Using Parallel Magics

IPython has a few magics for working with your engines.

This assumes you have started an IPython cluster, either with the notebook interface, or the ipcluster/controller/engine commands.

import ipyparallel as ipp
cluster = ipp.Cluster()
cluster.start_cluster_sync(n=4)
rc = cluster.connect_client_sync()
rc.wait_for_engines(4)
dv = rc[:]
rc.ids

Using existing profile dir: '/home/docs/.ipython/profile_default'
Starting 4 engines with <class 'ipyparallel.cluster.launcher.LocalEngineSetLauncher'>
100%|██████████| 4/4 [00:08<00:00,  2.07s/engine]

[0, 1, 2, 3]

Creating a Client registers the parallel magics %px, %%px, %pxresult, pxconfig, and %autopx.

These magics are initially associated with a DirectView always associated with all currently registered engines.

Now we can execute code remotely with %px:

%px a=5

%px print(a)

[stdout:2] 5
[stdout:1] 5
[stdout:3] 5
[stdout:0] 5

%px a

Out[0:3]: 5

Out[1:3]: 5

Out[2:3]: 5

Out[3:3]: 5

with dv.sync_imports():
    import sys

importing sys on engine(s)

%px from __future__ import print_function
%px print("ERROR", file=sys.stderr)

[stderr:1] ERROR
[stderr:0] ERROR
[stderr:3] ERROR
[stderr:2] ERROR

You don’t have to wait for results.
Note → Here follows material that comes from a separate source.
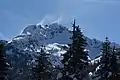 Ruby Mountain is located in the marine west coast climate zone of western North America.[3] Most weather fronts originate in the Pacific Ocean, and travel northeast toward the Cascade Mountains. As fronts approach the North Cascades, they are forced upward by the peaks of the Cascade Range, causing them to drop their moisture in the form of rain or snowfall onto the Cascades (Orographic lift). As a result, the west side of the North Cascades experiences high precipitation, especially during the winter months in the form of snowfall.[3] Due to its temperate climate and proximity to the Pacific Ocean, areas west of the Cascade Crest very rarely experience temperatures below 0 °F (−18 °C) or above 80 °F (27 °C).[3] During winter months, weather is usually cloudy, but, due to high pressure systems over the Pacific Ocean that intensify during summer months, there is often little or no cloud cover during the summer.[3] Because of maritime influence, snow tends to be wet and heavy, resulting in high avalanche danger.[3]
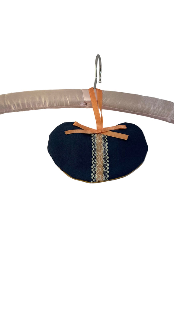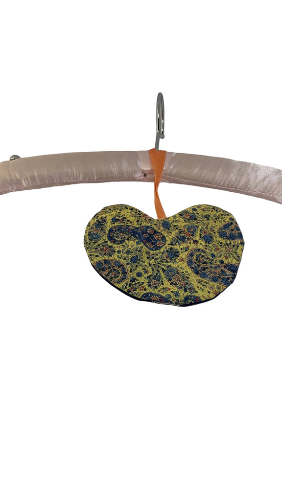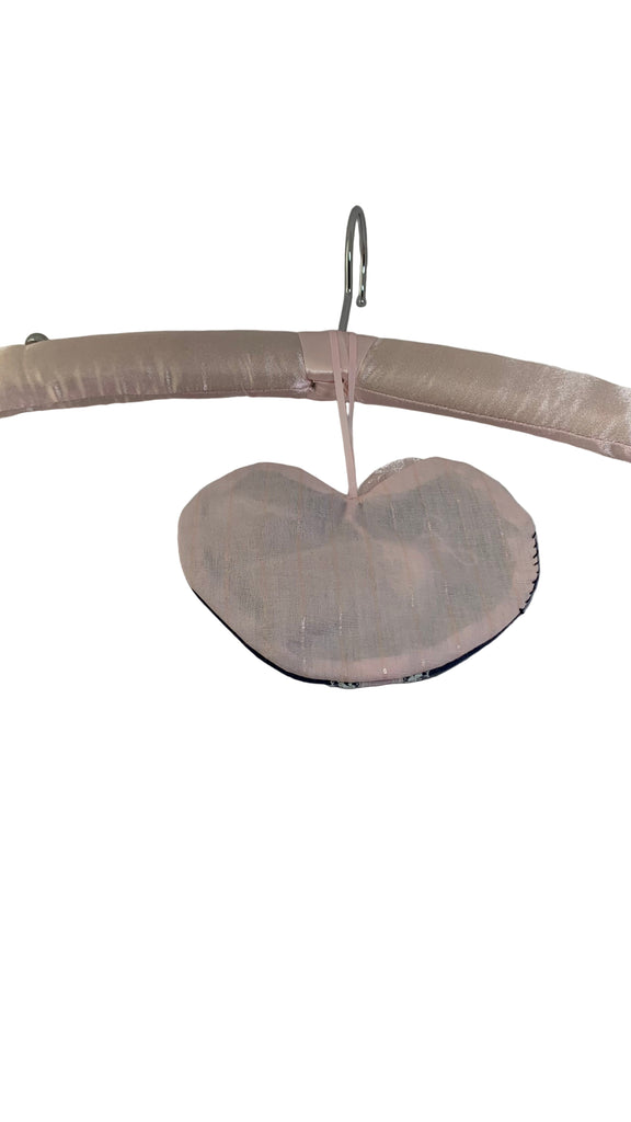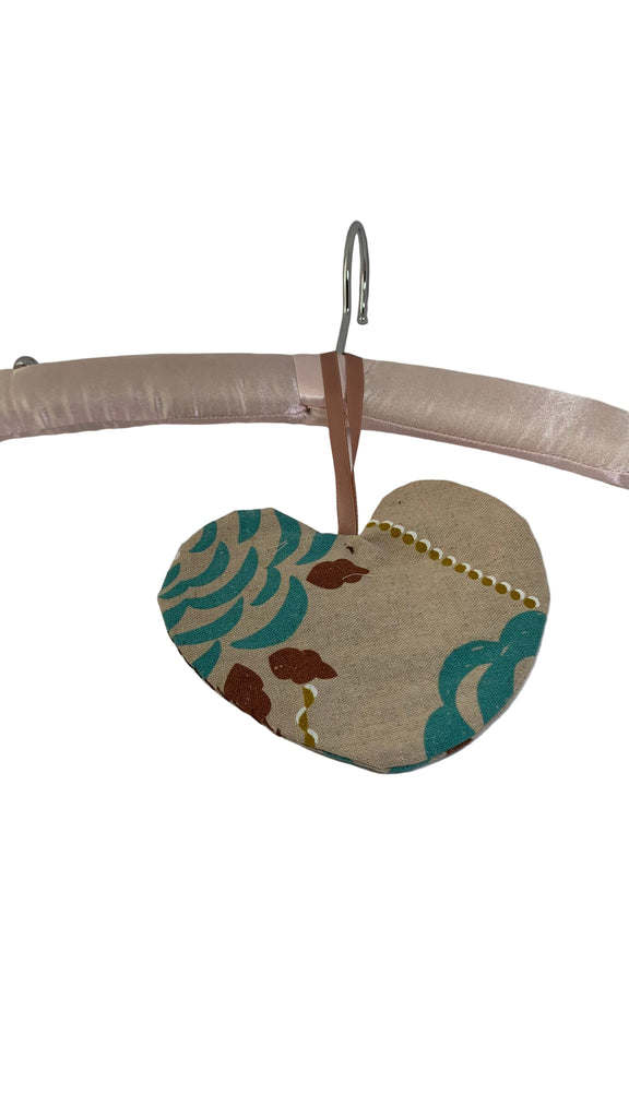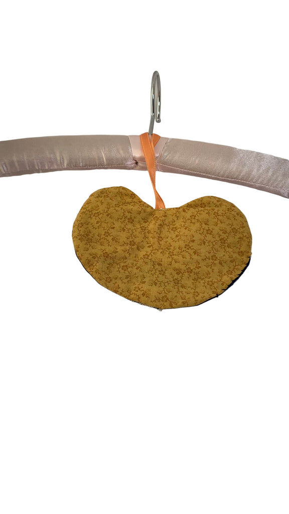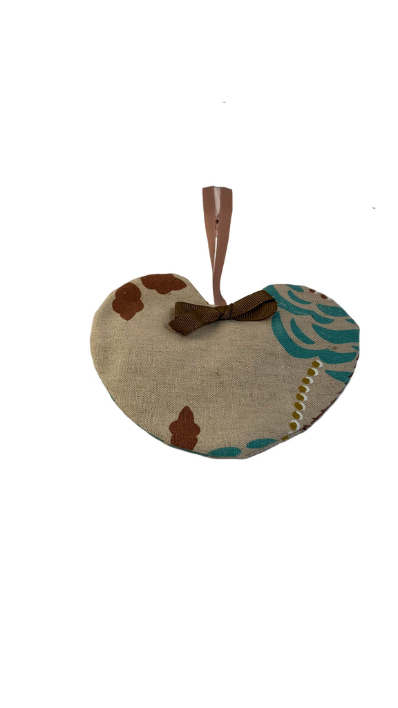 Cotton blend fabric heart shape sachet, ribbon hanging loop

The %pxconfig magic lets you change the default blocking/targets for the %px magics:

%pxconfig --noblock

%px import time
%px time.sleep(1)
%px time.time()

<AsyncResult: execute>

But you will notice that this didn’t output the result of the last command. For this, we have %pxresult, which displays the output of the latest request:

%pxresult

Out[0:8]: 1631278502.24939

Out[1:8]: 1631278502.2469072

Out[2:8]: 1631278502.2612648

Out[3:8]: 1631278502.2637527

Remember, an IPython engine is IPython, so you can do magics remotely as well!

%pxconfig --block
%px %matplotlib inline

[stderr:1] WARNING:matplotlib.font_manager:Matplotlib is building the font cache; this may take a moment.
[stderr:2] WARNING:matplotlib.font_manager:Matplotlib is building the font cache; this may take a moment.
[stderr:3] WARNING:matplotlib.font_manager:Matplotlib is building the font cache; this may take a moment.
[stderr:0] WARNING:matplotlib.font_manager:Matplotlib is building the font cache; this may take a moment.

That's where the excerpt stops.